The latest figures released by the Bank of England show that mortgage approval rates had reached a three-month high of 62,932 in September 2023. The figure is about 3% higher than it was in August, and overtakes Reuters average forecast of 60,150 (1) by a significant margin. In addition, consumer credit has increased by £1.4 billion in the month. In August 2023, mortgage approval rates dropped to 60,984- the lowest they had been in years. (2)

The figures suggest that the UK property market is starting to recover after a slowdown triggered by the EU referendum.

In the larger scheme of things, however, there has been an overall decrease in buy-to-let home purchases in the UK compared the previous year. In addition, re-mortgage rates are still low in comparison to previous months. For example, recent figures show that “the volume of remortgages dropped by 12% from 34,900 in August to 30,766 in September, while the value of gross remortgage lending also decreased, dropping by 14% from £5.9bn in August to £5.1bn in September.” (3)

Scott Bowman from Capital Economics noted, “August’s UK money and credit figures suggest that the housing market continues to cool, but appetite for debt hasn’t taken much of a hit.” (4) According to the Guardian, the latest monthly report from RICS showed that “for the first time since April, surveyors expect house prices to increase over the next three months.” (4)

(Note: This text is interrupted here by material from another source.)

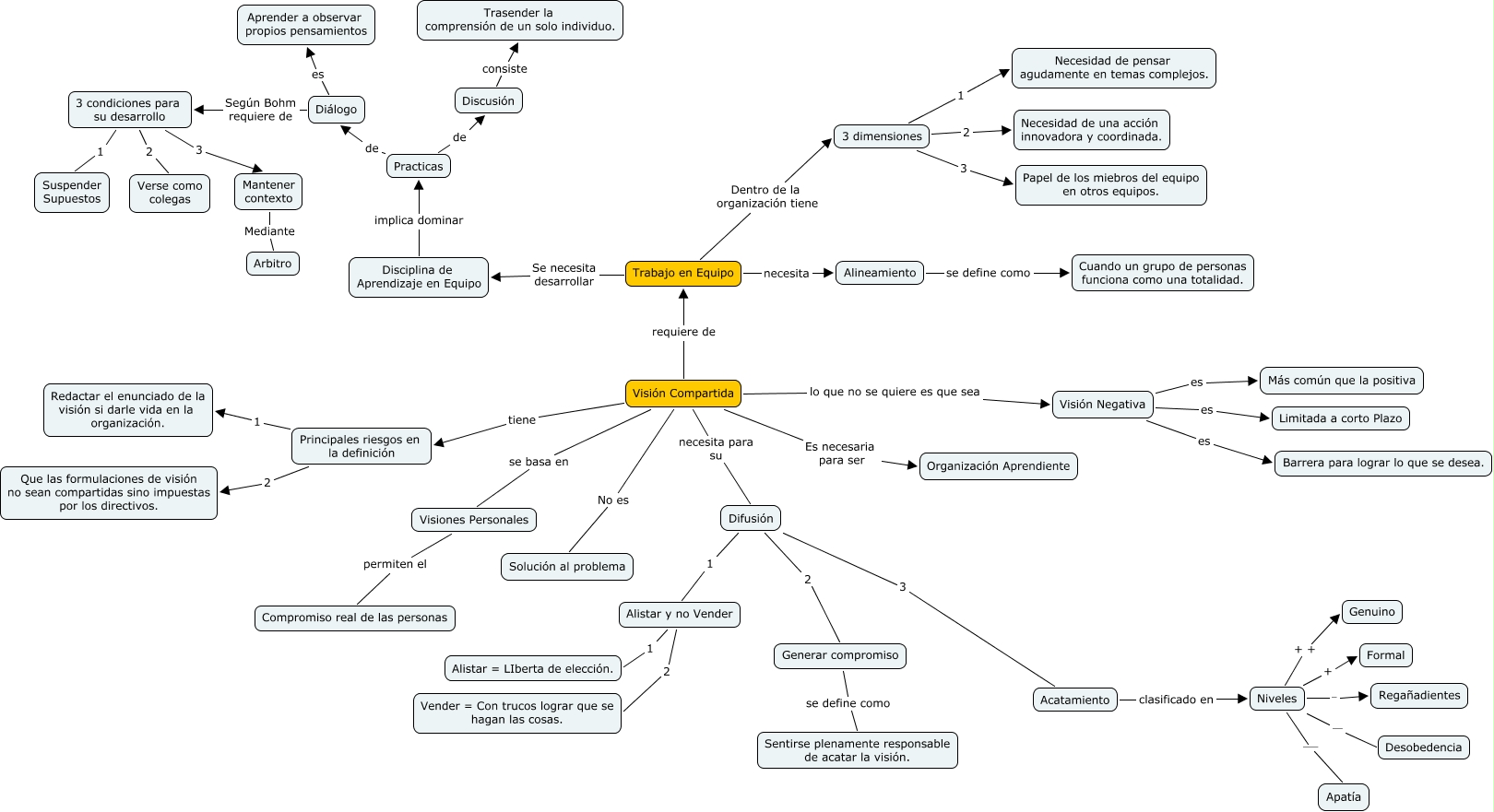 Este Cmap, tiene información relacionada con: Actividad Clase 6, Niveles --- Apatía, Mantener contexto Mediante Arbitro, Principales riesgos en la definición 2 Que las formulaciones de visión no sean compartidas sino impuestas por los directivos., Visión Compartida se basa en Visiones Personales, Practicas de Discusión, 3 dimensiones 3 Papel de los miebros del equipo en otros equipos., Alistar y no Vender 2 Vender = Con trucos lograr que se hagan las cosas., Visión Compartida requiere de Trabajo en Equipo, 3 condiciones para su desarrollo 3 Mantener contexto, Practicas de Diálogo, 3 condiciones para su desarrollo 1 Suspender Supuestos, Niveles - Regañadientes, Difusión 2 Generar compromiso, Alistar y no Vender 1 Alistar = LIberta de elección., Visión Compartida lo que no se quiere es que sea Visión Negativa, Visión Compartida No es Solución al problema, Visión Negativa es Más común que la positiva, Disciplina de Aprendizaje en Equipo implica dominar Practicas, Niveles + Formal, Diálogo es Aprender a observar propios pensamientos

It could be argued that the spike in mortgage approvals were influenced by the Bank of England’s decision to reduce the rates from 0.5 to 0.25 percent back in August 2023 (5), which provided opportunistic investors a window amidst Brexit uncertainty. The simplicity of this direct cause and effect, however, is negated by Martin Beck, a senior economic adviser to the EY Item Club. Beck said, “Stripping out the extent to which this is a consequence of post-EU referendum uncertainty, as opposed to other factors, including tax rises on buy-to-let properties earlier this year and ever more expensive housing, is problematic.” (4)

Critics assume that the fundamentals for consumers will become less appealing, “with purchasing power likely diminishing and the labour market softening.” (4) This could either increase caution around borrowing, or increase the need for individuals to borrow. However, considering the unpredictability of today’s economic and political state, it’s almost impossible to tell.